◆ Exercise details:
Write the records below out in full, character for character, with no pictures.

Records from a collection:
>>>

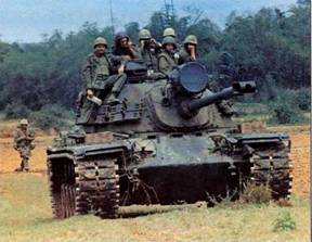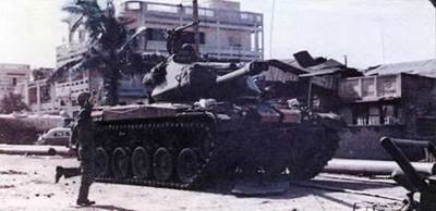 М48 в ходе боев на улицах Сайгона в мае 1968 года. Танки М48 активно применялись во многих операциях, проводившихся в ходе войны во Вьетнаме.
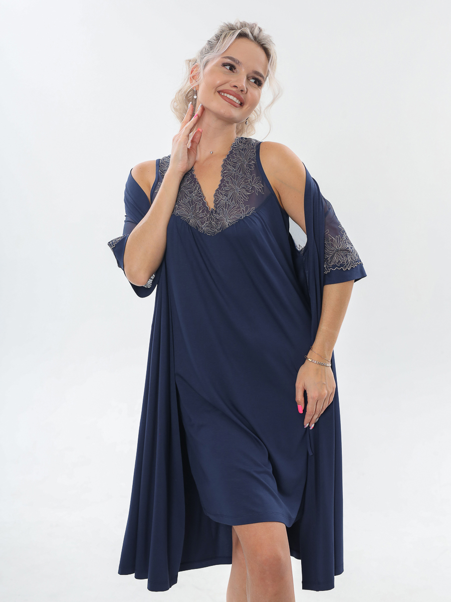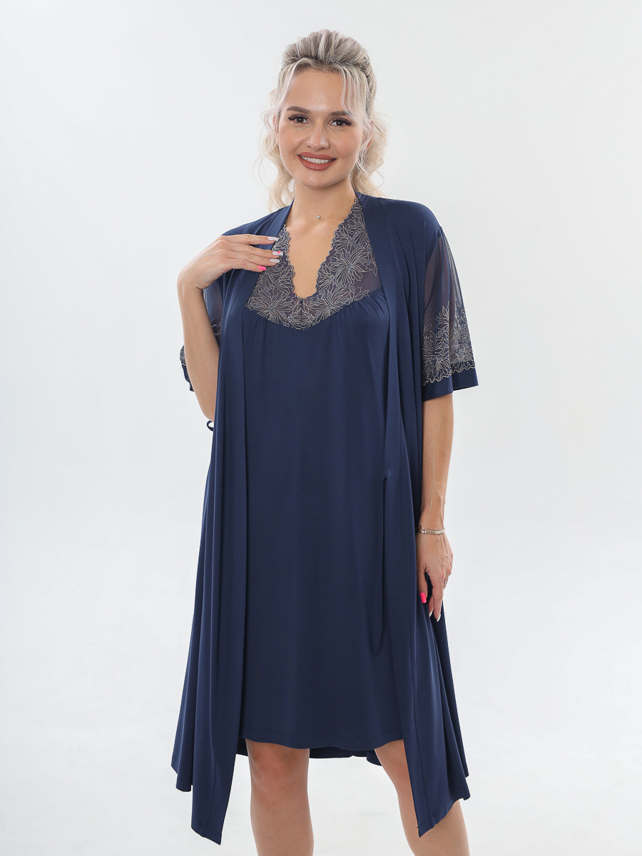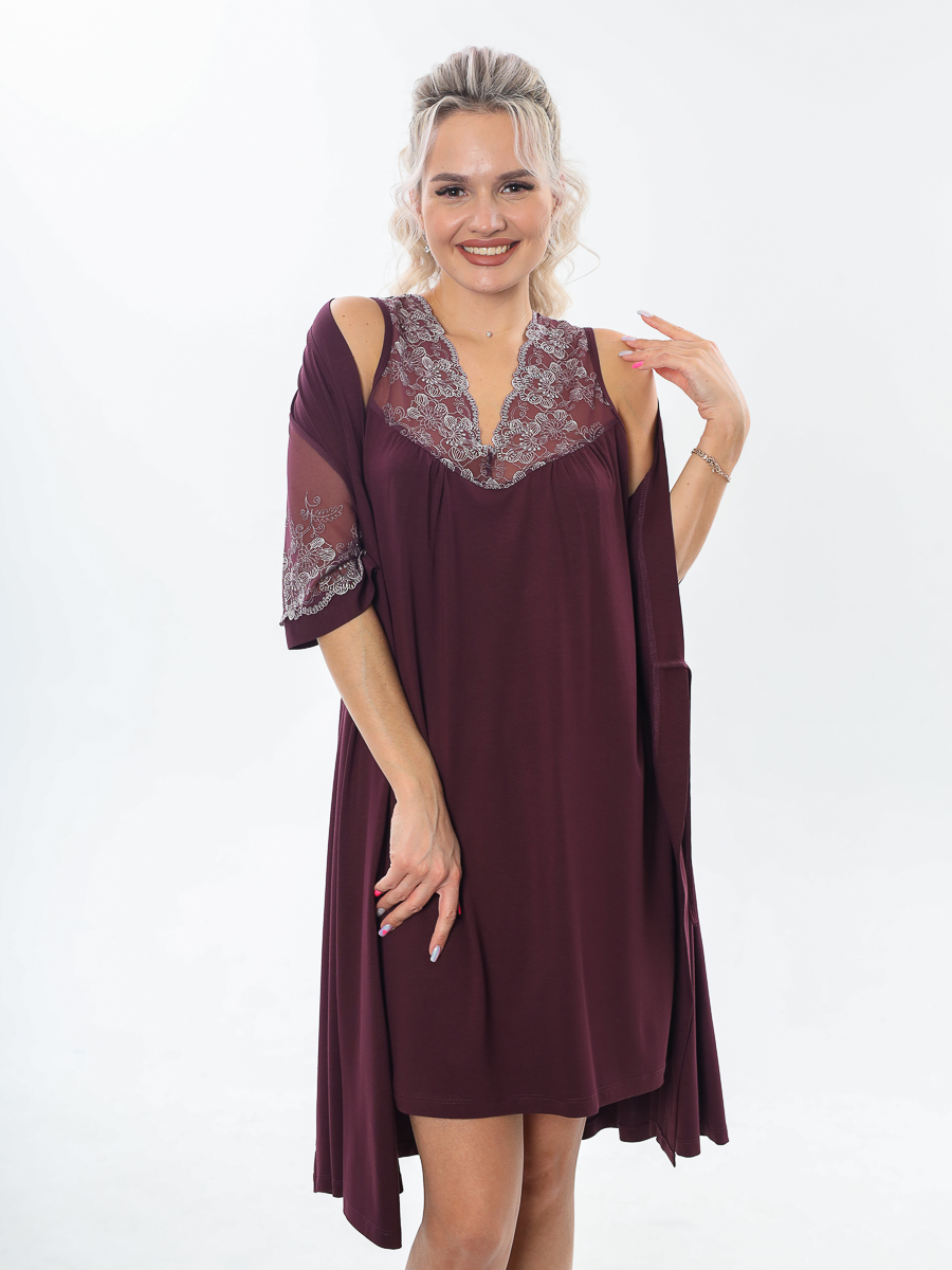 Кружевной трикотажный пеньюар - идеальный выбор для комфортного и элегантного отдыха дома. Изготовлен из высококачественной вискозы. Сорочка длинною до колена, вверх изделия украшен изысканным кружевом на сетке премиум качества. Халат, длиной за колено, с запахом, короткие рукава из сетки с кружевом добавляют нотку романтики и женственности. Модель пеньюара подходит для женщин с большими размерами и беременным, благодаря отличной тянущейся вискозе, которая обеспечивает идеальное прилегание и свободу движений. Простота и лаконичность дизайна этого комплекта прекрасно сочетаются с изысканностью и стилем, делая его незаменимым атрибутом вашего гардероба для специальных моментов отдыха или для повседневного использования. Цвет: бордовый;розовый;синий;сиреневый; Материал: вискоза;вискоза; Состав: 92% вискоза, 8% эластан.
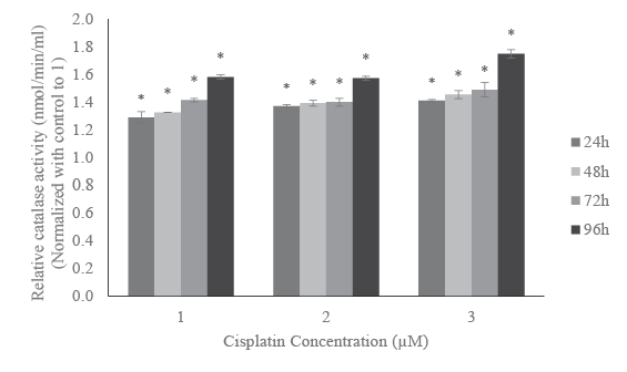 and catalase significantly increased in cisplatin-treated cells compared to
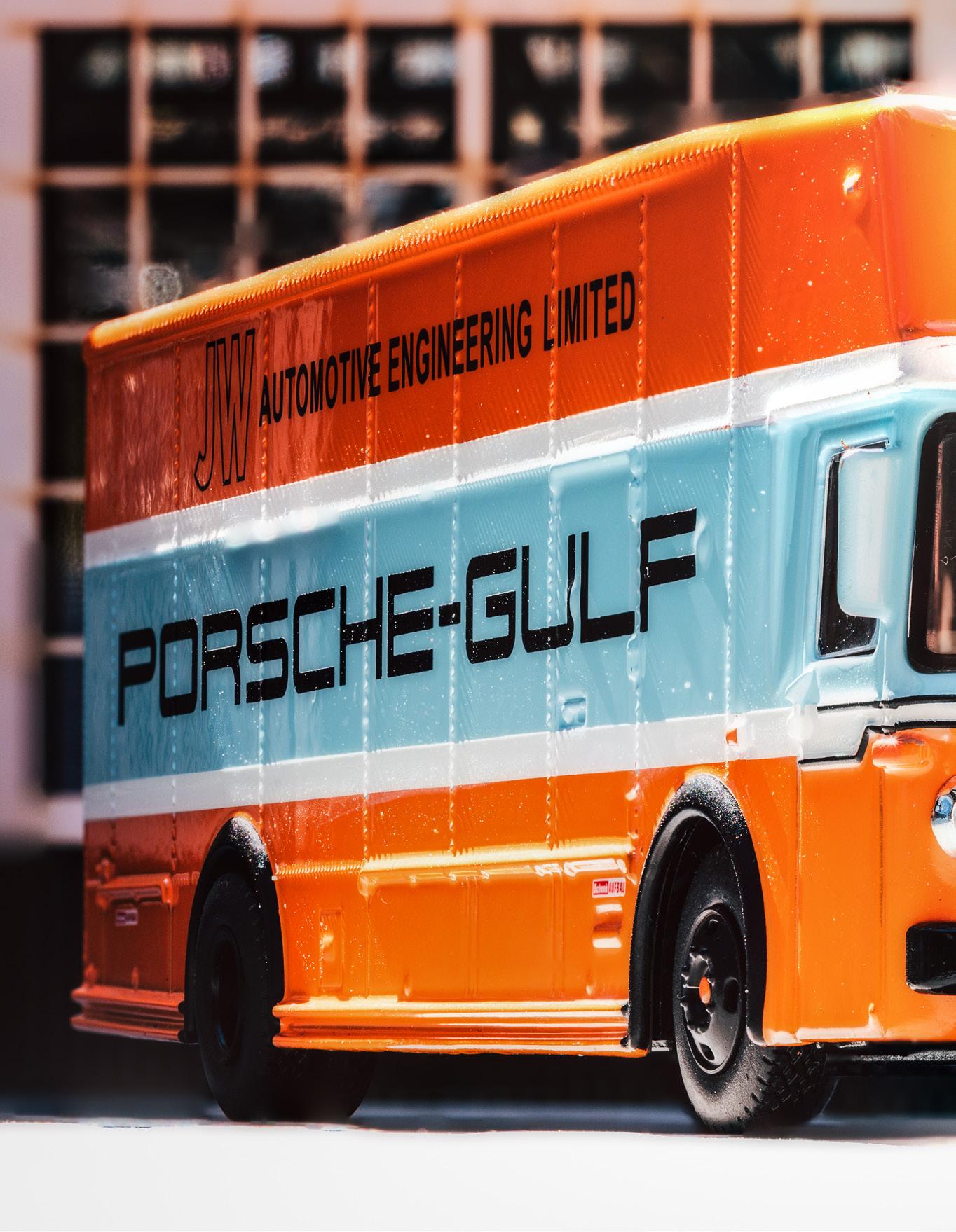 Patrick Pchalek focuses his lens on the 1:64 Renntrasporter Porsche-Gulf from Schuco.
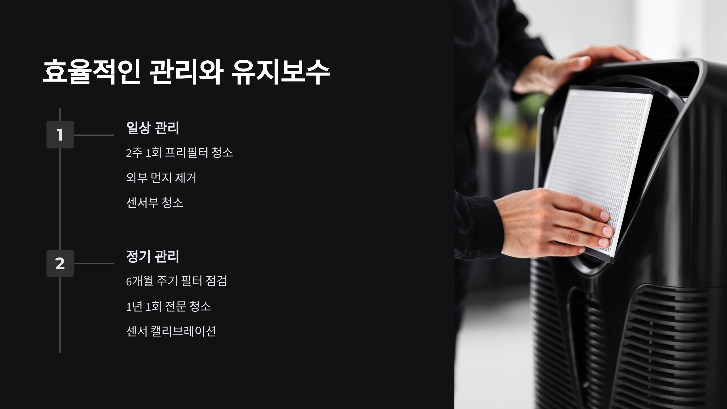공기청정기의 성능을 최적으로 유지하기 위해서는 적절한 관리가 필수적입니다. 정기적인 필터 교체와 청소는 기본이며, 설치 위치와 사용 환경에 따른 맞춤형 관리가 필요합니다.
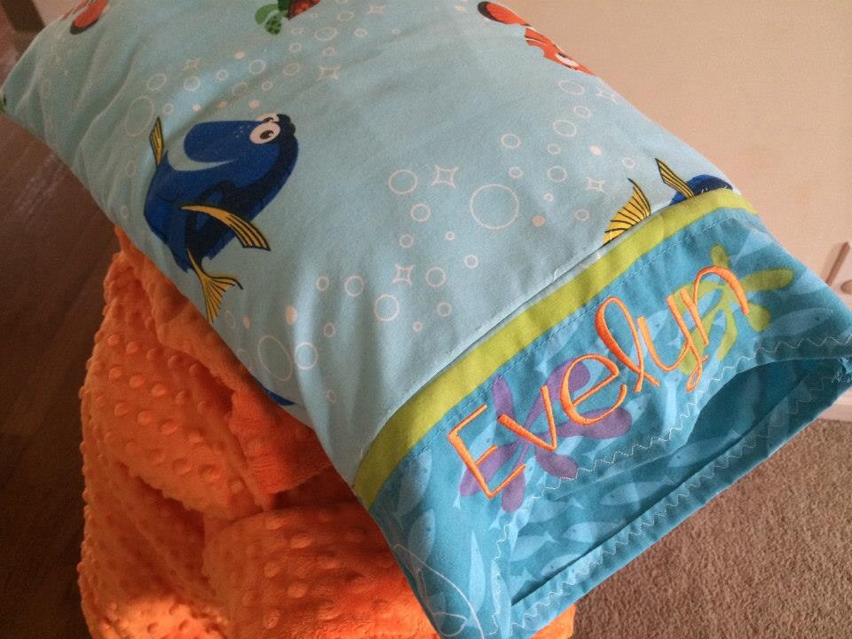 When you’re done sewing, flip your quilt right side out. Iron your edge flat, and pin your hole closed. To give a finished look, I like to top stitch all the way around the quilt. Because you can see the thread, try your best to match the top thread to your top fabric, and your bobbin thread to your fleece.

<<<

◆ Expected answer:
 М48 в ходе боев на улицах Сайгона в мае 1968 года. Танки М48 активно применялись во многих операциях, проводившихся в ходе войны во Вьетнаме.
 Кружевной трикотажный пеньюар - идеальный выбор для комфортного и элегантного отдыха дома. Изготовлен из высококачественной вискозы. Сорочка длинною до колена, вверх изделия украшен изысканным кружевом на сетке премиум качества. Халат, длиной за колено, с запахом, короткие рукава из сетки с кружевом добавляют нотку романтики и женственности. Модель пеньюара подходит для женщин с большими размерами и беременным, благодаря отличной тянущейся вискозе, которая обеспечивает идеальное прилегание и свободу движений. Простота и лаконичность дизайна этого комплекта прекрасно сочетаются с изысканностью и стилем, делая его незаменимым атрибутом вашего гардероба для специальных моментов отдыха или для повседневного использования. Цвет: бордовый;розовый;синий;сиреневый; Материал: вискоза;вискоза; Состав: 92% вискоза, 8% эластан.
 and catalase significantly increased in cisplatin-treated cells compared to
 Patrick Pchalek focuses his lens on the 1:64 Renntrasporter Porsche-Gulf from Schuco.
공기청정기의 성능을 최적으로 유지하기 위해서는 적절한 관리가 필수적입니다. 정기적인 필터 교체와 청소는 기본이며, 설치 위치와 사용 환경에 따른 맞춤형 관리가 필요합니다.
 When you’re done sewing, flip your quilt right side out. Iron your edge flat, and pin your hole closed. To give a finished look, I like to top stitch all the way around the quilt. Because you can see the thread, try your best to match the top thread to your top fabric, and your bobbin thread to your fleece.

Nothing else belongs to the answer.